Investors comparing ETF.com and The Motley Fool will find that Both ETF.com and The Motley Fool concentrate on Portfolio, Watchlist, and News workflows, making them natural alternatives for similar investment research jobs. ETF.com leans into ETF Screeners, ETF Comparison, and ETF Overview, which can be decisive for teams that need depth over breadth. The Motley Fool stands out with Stock Ideas, and Blogs that the competition lacks. Use the feature-by-feature table to inspect unique capabilities and confirm which roadmap best maps to your process.

Head-to-head

ETF.com vs The Motley Fool

Compare pricing, supported platforms, categories, and standout capabilities to decide which tool fits your workflow.

Quick takeaways

  • ETF.com adds ETF Screeners, ETF Comparison, ETF Overview, ETF Performance, ETF Fundamentals, ETF Factors, ETF Holdings, Money Flow, IPO, and Delisted coverage that The Motley Fool skips.
  • The Motley Fool includes Stock Ideas, and Blogs categories that ETF.com omits.
  • ETF.com highlights: ETF Screener covering the U.S. ETF universe, powered by FactSet data.
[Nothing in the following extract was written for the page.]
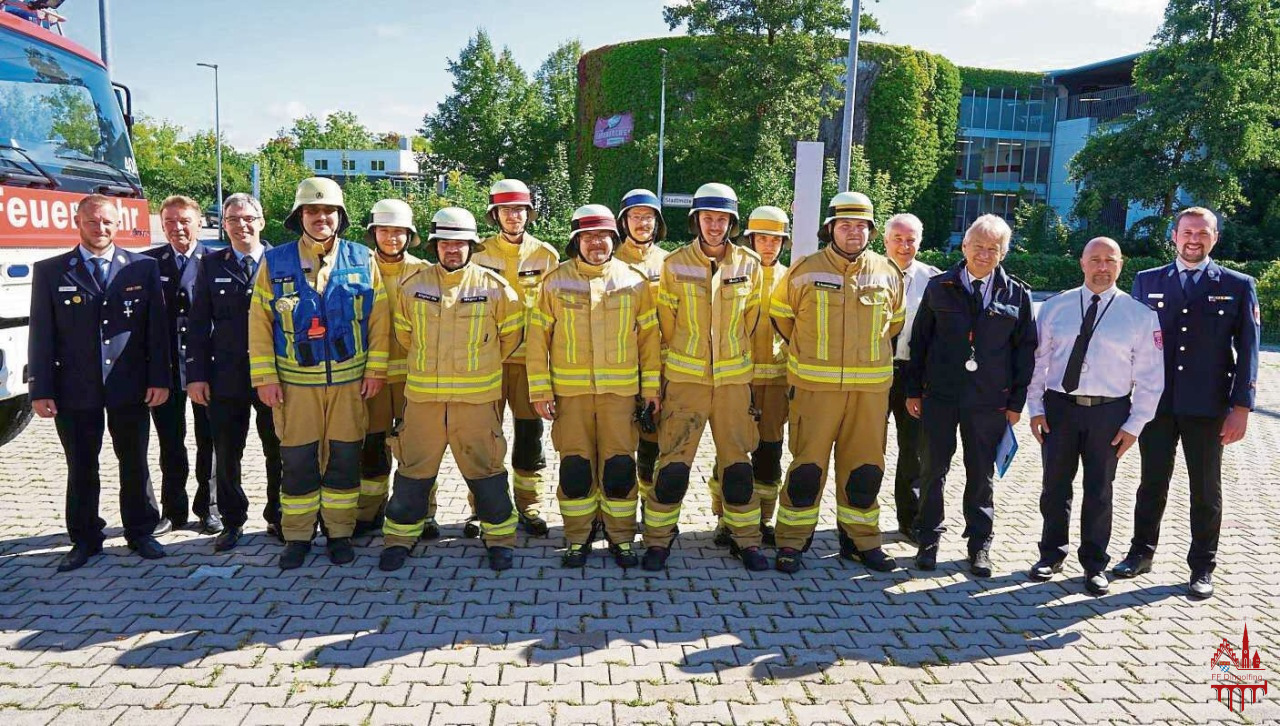 Zwei Gruppen absolvierten am Samstag die Leistungsprüfung „Die Gruppe im Löscheinsatz“. Geleitet von den Gruppenführern Anna Gillig und Florian Hilpert hatten sich 15 Aktive und zwei Feuerwehranwärter auf die Prüfung vorbereitet. Zur Abnahme fanden sich am Vormittag Kreisbrandinspektor Helmut Huber und die Kreisbrandmeister Christian Schmidt und Stefan Fischer an der Feuerwache ein, um den ordnungsgemäßen Ablauf der Prüfung zu überwachen und zu bewerten. Bei der Leistungsprüfung wird das Vorgehen einer Löschgruppe, bestehend aus neun Einsatzkräften, im Brandeinsatz geprüft. Hierzu gilt es, innerhalb eines vorgegebenen Zeitlimits einen Löschangriff mit drei Strahlrohren vorzunehmen. Ziel ist aber nicht unbedingt eine Rekordzeit, sondern eine zügige und ordnungsgemäße Teamleistung. Die Arbeit der Feuerwehr muss zwar schnell, aber auch geordnet und fehlerfrei ablaufen. Neben der Einsatzübung wurden bei der Leistungsprüfung auch der Aufbau einer Saugleitung zur Wasserentnahme aus offenem Gewässer, das Vorführen verschiedener Knoten und Stiche sowie – je nach abzulegender Stufe – unterschiedliche Zusatzaufgaben, wie zum Beispiel Gerätekunde oder das Beantworten von Testfragen, von den Teilnehmern gefordert. Die gestellten Aufgaben wurden von beiden Gruppen gekonnt und zur vollsten Zufriedenheit der Schiedsrichter mit einem sehr guten Ergebnis gemeistert. Bei dem anschließenden gemeinsamen Mittagessen mit Verleihung der Leistungsabzeichen durch Kreisbrandinspektor Helmut Huber wurde dann auch nicht mit Lob gespart. Kommandant Stefan Klein und seine beiden Stellvertreter Michael Wagner und Thomas Kerscher bedankten sich für das Engagement der Teilnehmer und freuten sich außerdem besonders über die fünf Teilnehmer, die ihre erste Leistungsprüfung ablegten.

Results include total return metrics and can be saved with an account., ETF Comparison tool to evaluate funds side by side on costs, performance, portfolio composition, factors, and ESG metrics., and Fund Flow Tracker to monitor ETF inflows and outflows, searchable by ticker and time period..
  • The Motley Fool is known for: Stock Advisor membership includes two new stock recommendations per month, currently priced at $199/year, with a 30-day refund policy., Tiered memberships expand access: Epic ($499/year) adds research and scorecards; Epic Plus ($1,999/year) includes the real-money Moneyball Portfolio with daily guidance; Fool Portfolios ($3,999/year) provides access to Tom Gardner’s live portfolios; Fool One is an all-access bundle., and Mobile apps (iOS and Android) send instant notifications for new recommendations and service updates, plus tools to track “My Portfolios” and watchlists..
  • The Motley Fool offers mobile access, which ETF.com skips.
ETF.com logo

ETF.com

etf.com

ETF.com is a web-based research suite for exchange-traded funds. A free account lets you save screeners and create up to five watchlists. Paid subscriptions unlock more: Content+ gives access to editorial content, while All Access provides unlimited use of tools, data, and saved screens.

Platforms

Web

Pricing

Free
Subscription

Quick highlights

  • ETF Screener covering the U.S. ETF universe, powered by FactSet data. Results include total return metrics and can be saved with an account.
  • ETF Comparison tool to evaluate funds side by side on costs, performance, portfolio composition, factors, and ESG metrics.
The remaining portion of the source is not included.